# Brief:
Here is the task for the listing below: output exactly the lines from the one containing "hợp là 60W." through the one containing "Boom Arm Length: 722mm", and leave out the pictures.

# Input for this task:

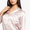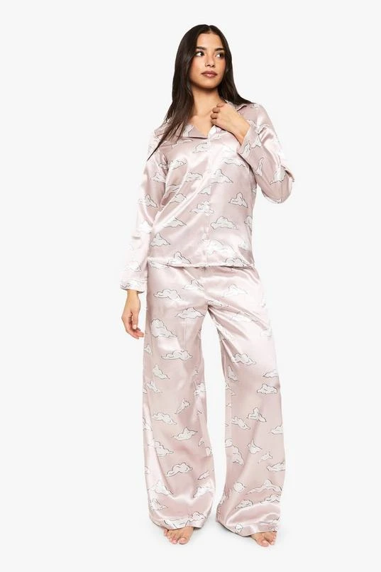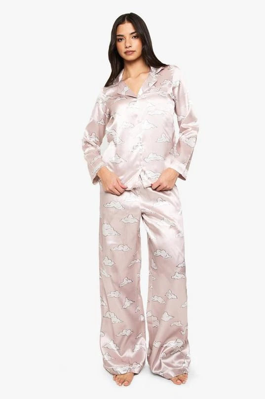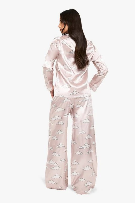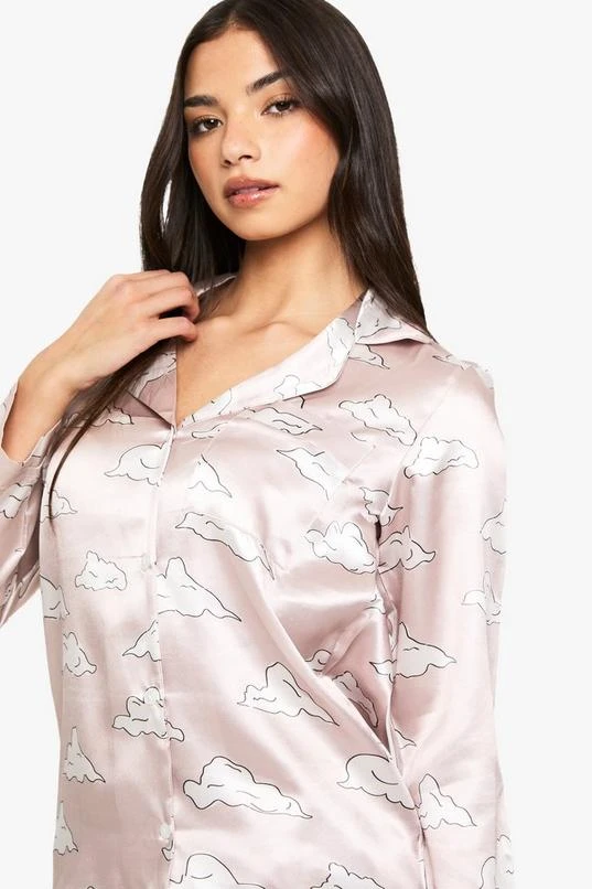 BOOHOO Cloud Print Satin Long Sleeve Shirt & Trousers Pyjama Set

---

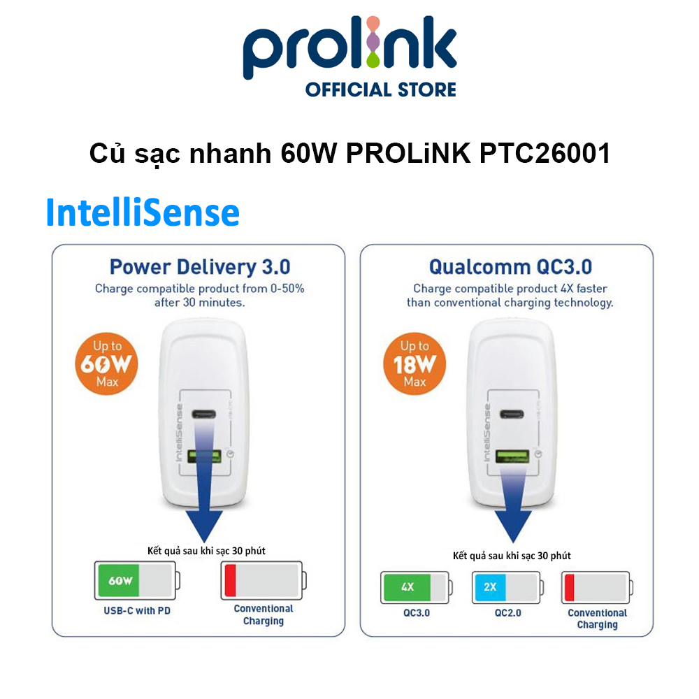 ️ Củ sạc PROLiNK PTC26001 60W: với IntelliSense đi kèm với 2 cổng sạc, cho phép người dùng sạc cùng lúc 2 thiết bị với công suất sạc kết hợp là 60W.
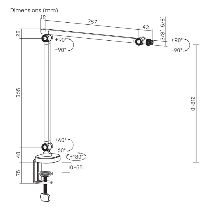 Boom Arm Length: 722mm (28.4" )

# Finished exercise:
 ️ Củ sạc PROLiNK PTC26001 60W: với IntelliSense đi kèm với 2 cổng sạc, cho phép người dùng sạc cùng lúc 2 thiết bị với công suất sạc kết hợp là 60W.
 Boom Arm Length: 722mm (28.4" )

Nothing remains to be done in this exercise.